New Zealand Legislative Councillor
- In office 7 May 1918 – 24 February 1919†
- Appointed by: Sir Joseph Ward

Personal details
- Born: Alfred Levavasour Durell Fraser 1863 Kaiapoi, New Zealand
- Died: 24 February 1919 (aged 57) Hastings, New Zealand
- Party: Liberal

= Alfred Fraser =

New Zealand politician

Alfred Levavasour Durell Fraser (1863 – 24 February 1919) was a Liberal Party Member of Parliament in New Zealand.

==Early life and family==
Fraser was born in Kaiapoi, Canterbury, in 1863 to John Marchant Fraser. He later settled in Hawke's Bay in 1881, and began a career in school-teaching for some years. Fraser then moved to Hastings, where he entered into Native Land Court advocacy. On 29 December 1892 he married Emily Teresa Dennett, the daughter of William Young Dennett who later served as mayor of Hastings.

==Political career==

In the , he unsuccessfully contested the electorate against the incumbent, William Russell.
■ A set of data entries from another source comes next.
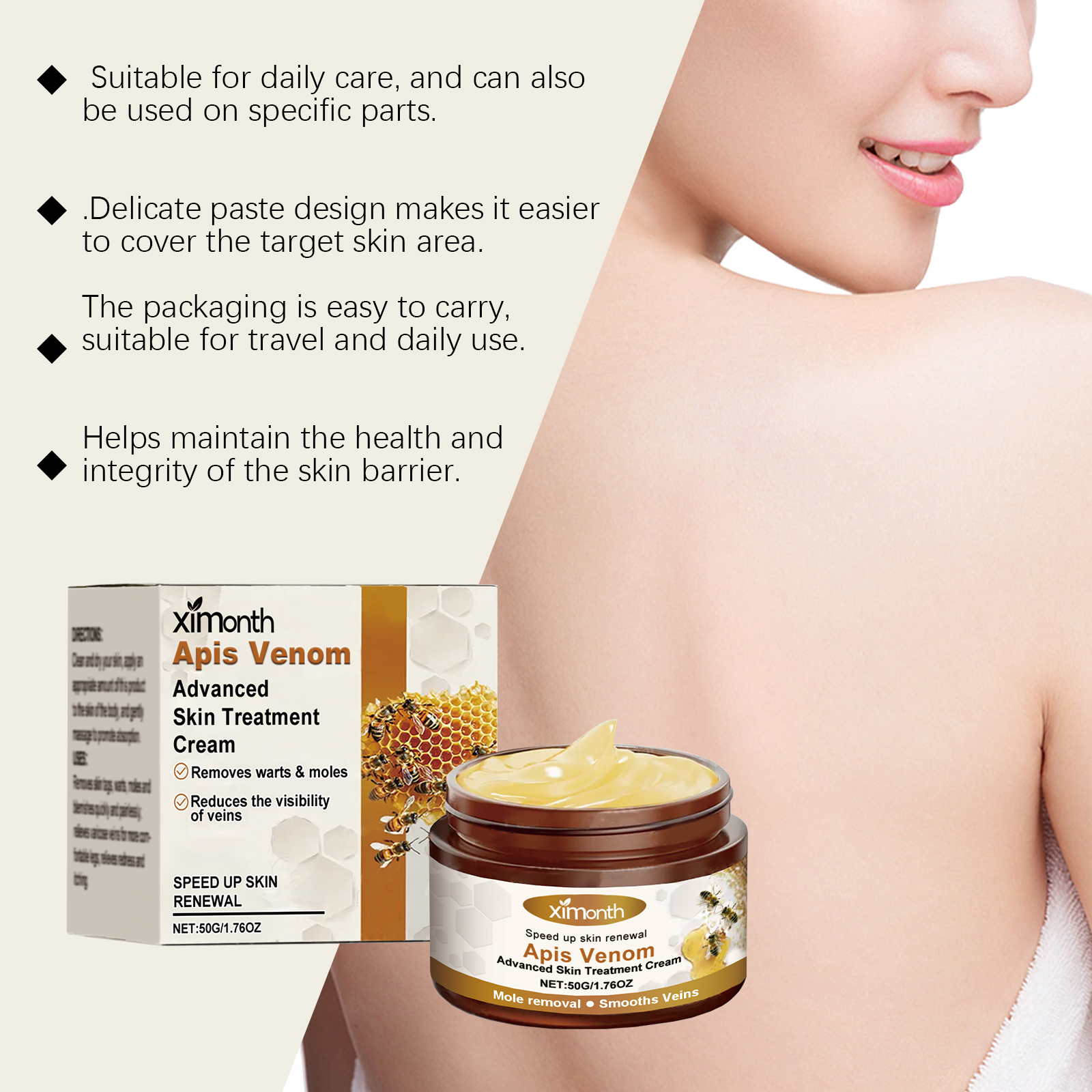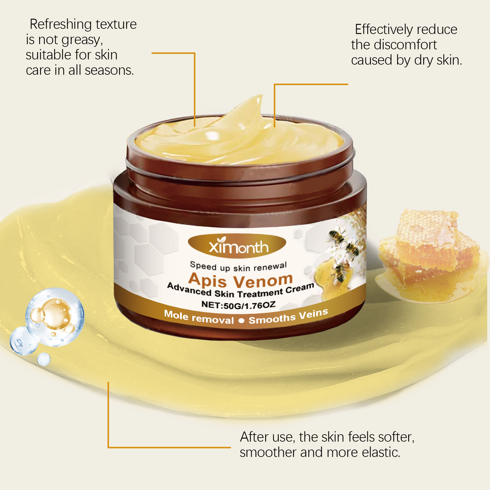 Ximonth Skin Care Cream, Bee Venom Body Skin Moisturizing Care Keyu Leg Multi-Functional Care Cream
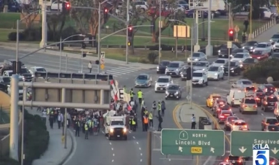 Grupul a mărşăluit pe podul Sky Way peste Sepulveda, blocând toate benzile de circulaţie care duc către aeroport.
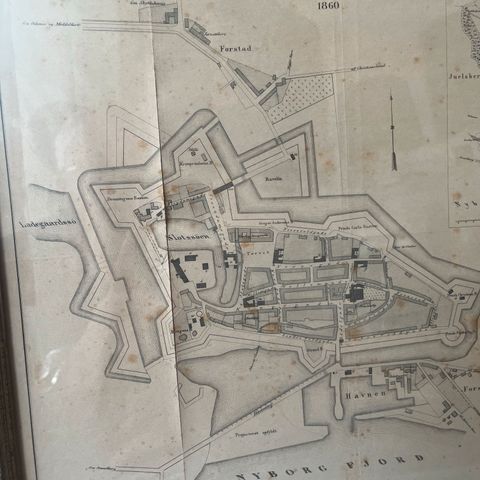Kort over Nyborg fæstning år 1852 H= 21,5 cm B= 33,5 cm
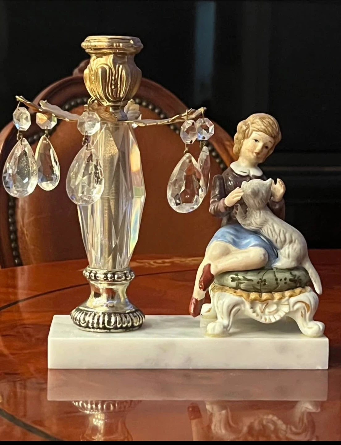 This decorative piece features a ceramic figurine of a child with a dog, paired with a crystal and brass candle holder. It's mounted on a white marble base. Adds a touch of elegance to any room!
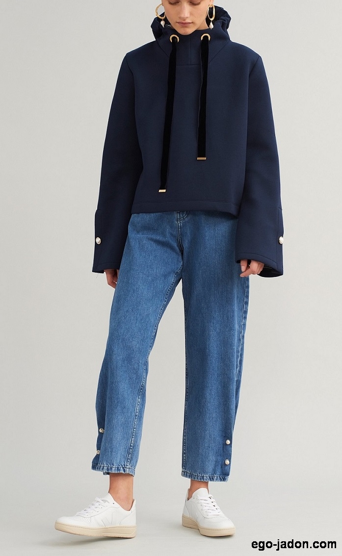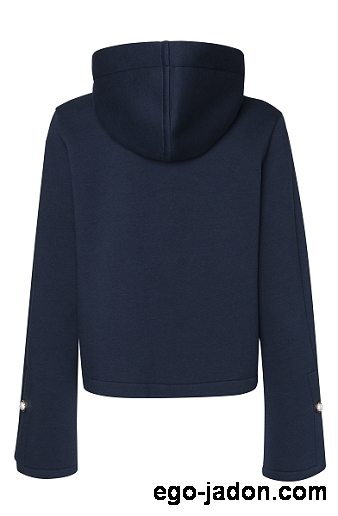Feature: gold eyelets with a velvet ribbon tie. There are gold popper details on the sleeves
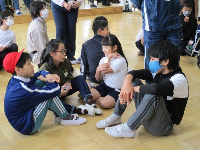 今日は、萩原中学校で萩原中学校と萩原小学校の子たちと一緒に運動会と交流会を行いました。運動会では、中島小学校の児童が司会をして進行しました。笑顔いっぱいのたのしい会になりました。
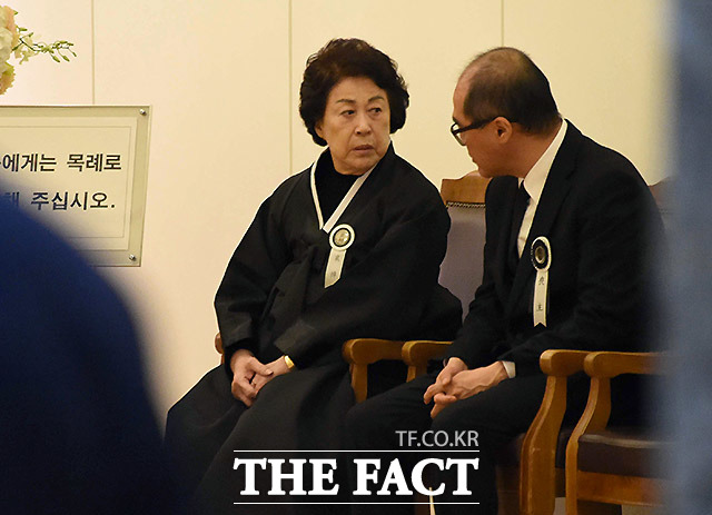 [더팩트ㅣ수원=이효균 기자] 고 김우중 전 대우그룹회장의 부인 정희자 여사(왼쪽)와 장남 김선엽 씨가 이 10일 경기 수원시 아주대병원 장례식장에서 이야기를 하고 있다.
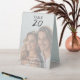 Celebrate your special day with this beautifully refined photo wedding table number, featuring a romantic portrait of a Caucasian couple as the centerpiece of the design. The top and bottom third of the layout showcases elegant black calligraphy text enhanced with a soft white drop shadow, ensuring high contrast and beautiful readability against the photograph.
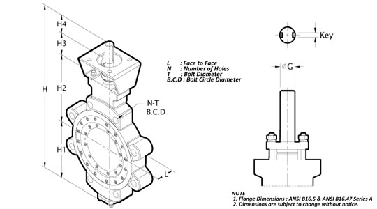 | size | H | H1 | H2 | H3 | H4 | L | G | Key | Flange Dimensions | |||
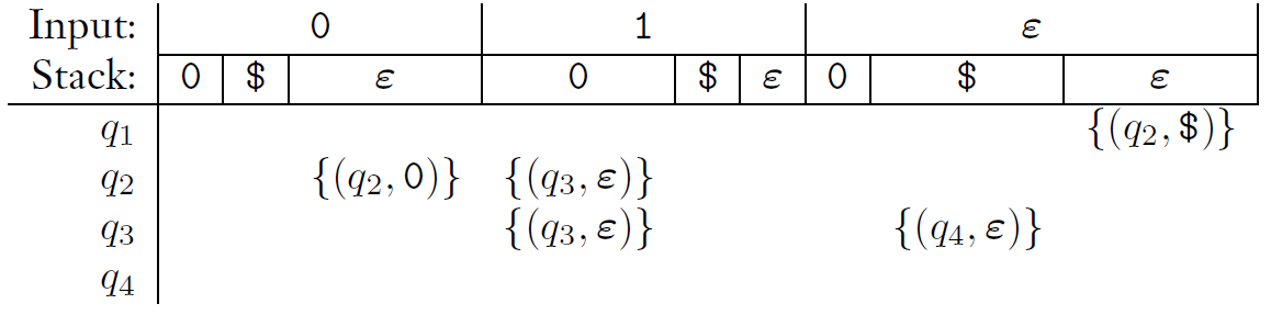 - q2 / 0,ε−>0, input : 011, stack : 00$
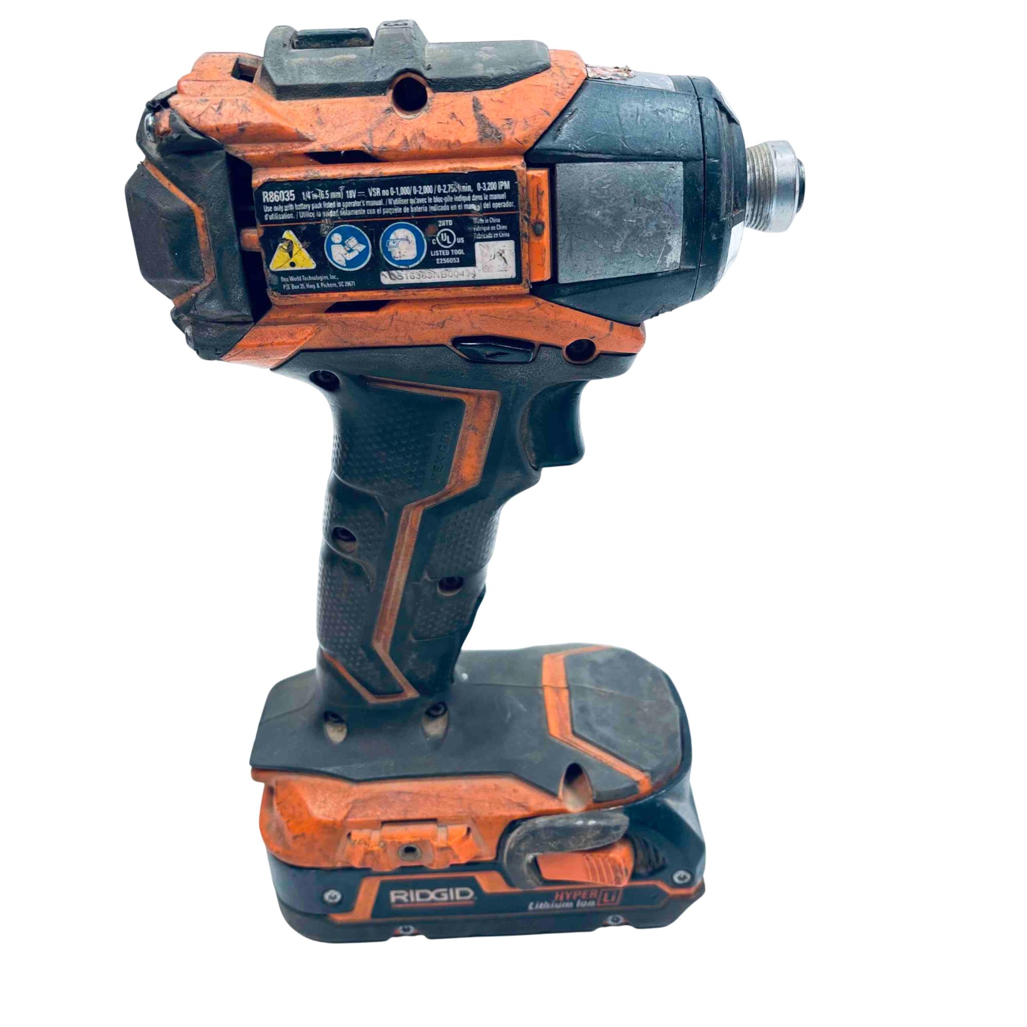 RIDGID R86035 18V Hyper Lithium-Ion Cordless Impact Driver with Rapid Max Multi-Chemistry Charger features a powerful brushless motor delivering up to 3,200 IPM and variable speeds of 0-1,000/0-2,000/0-2,750 RPM for versatile fastening tasks. Designed for compatibility with multiple battery chemistries, this black and orange impact driver includes a rapid max charger, making it ideal for professional and DIY applications requiring reliable cordless power tools.
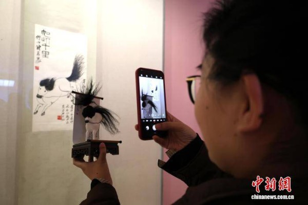 2月13日,山东济南,“马彪彪”雕塑亮相展览现场。当天,由北京画院珍藏的齐白石《十二属图》亮相山东美术馆“学我者生——齐白石与山东弟子”特展。展览现场,“网红”马彪彪与原作《如此千里》同框展出。赵晓 摄
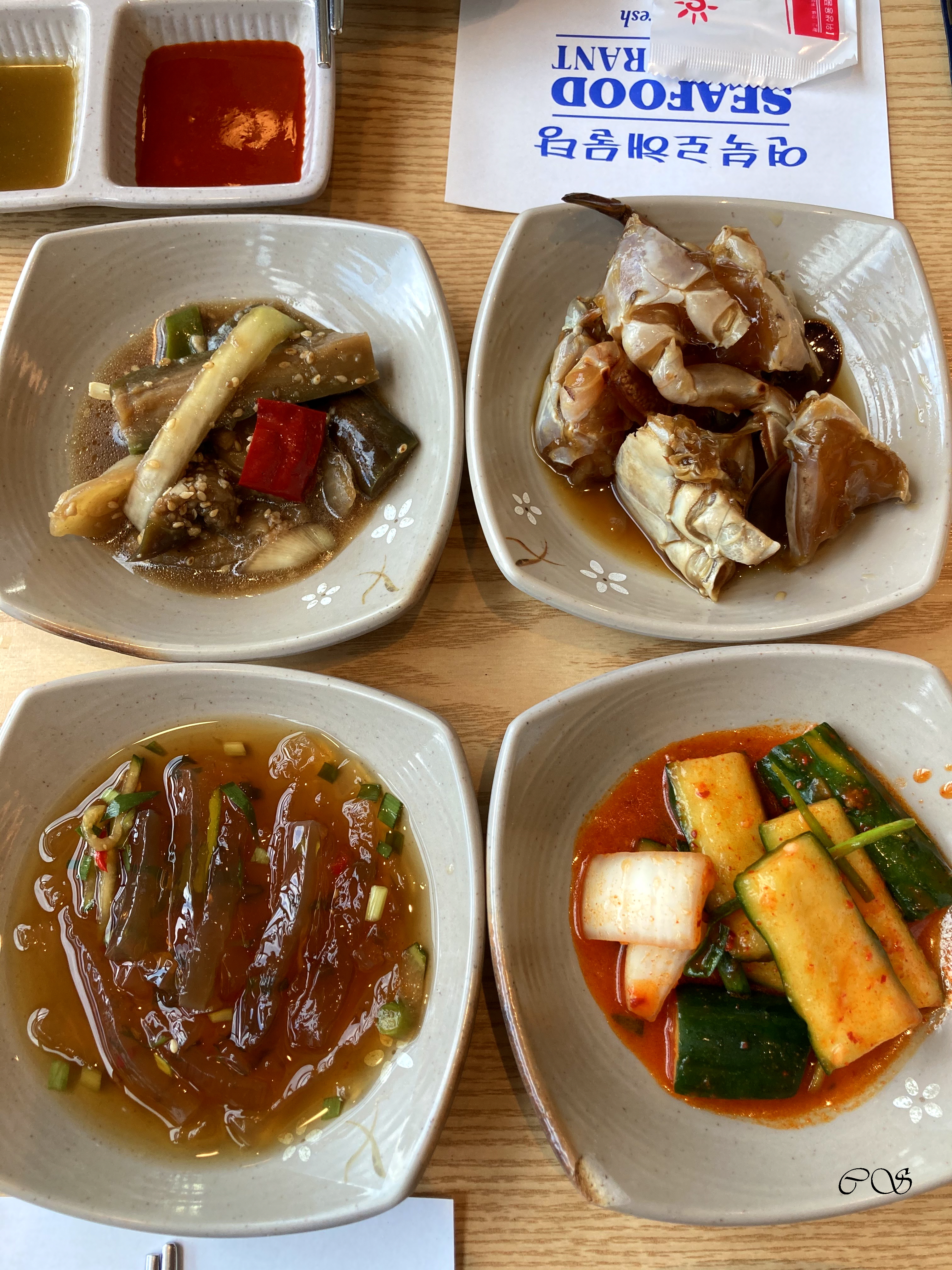 밑반찬입니다. 밑반찬 중에서 기억 남는 거는 보리 김치랑 게장이 기억납니다.
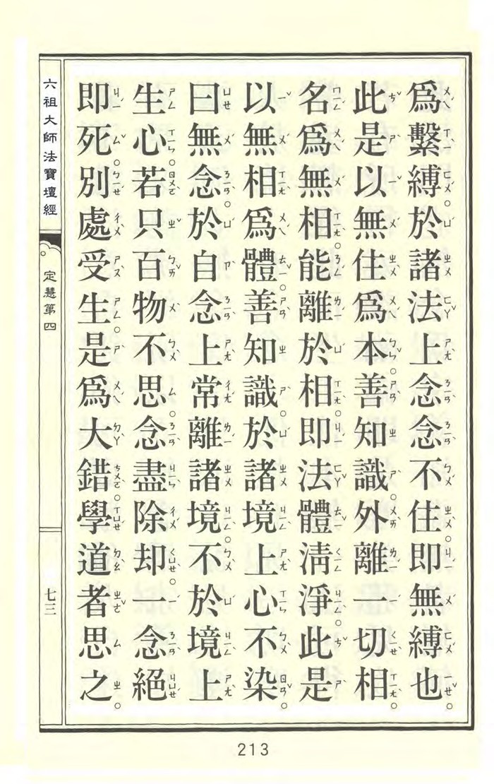 師說偈已,曰:「其法無二,其心亦然,其道清淨,亦無諸相。汝等慎勿觀靜,及空其心;此心本淨,無可取捨,各自努力,隨緣好去。」

He was elected to the Napier electorate in the 1899 general election, which he represented to 1908 when he was defeated by fellow Liberal Vigor Brown.

In 1905 the local branch of the Liberal and Labour Federation claimed Fraser was ignoring his constituents and they chose to endorse William James McGrath instead. It was one of many instances in that years election of vote splitting amongst the Liberals.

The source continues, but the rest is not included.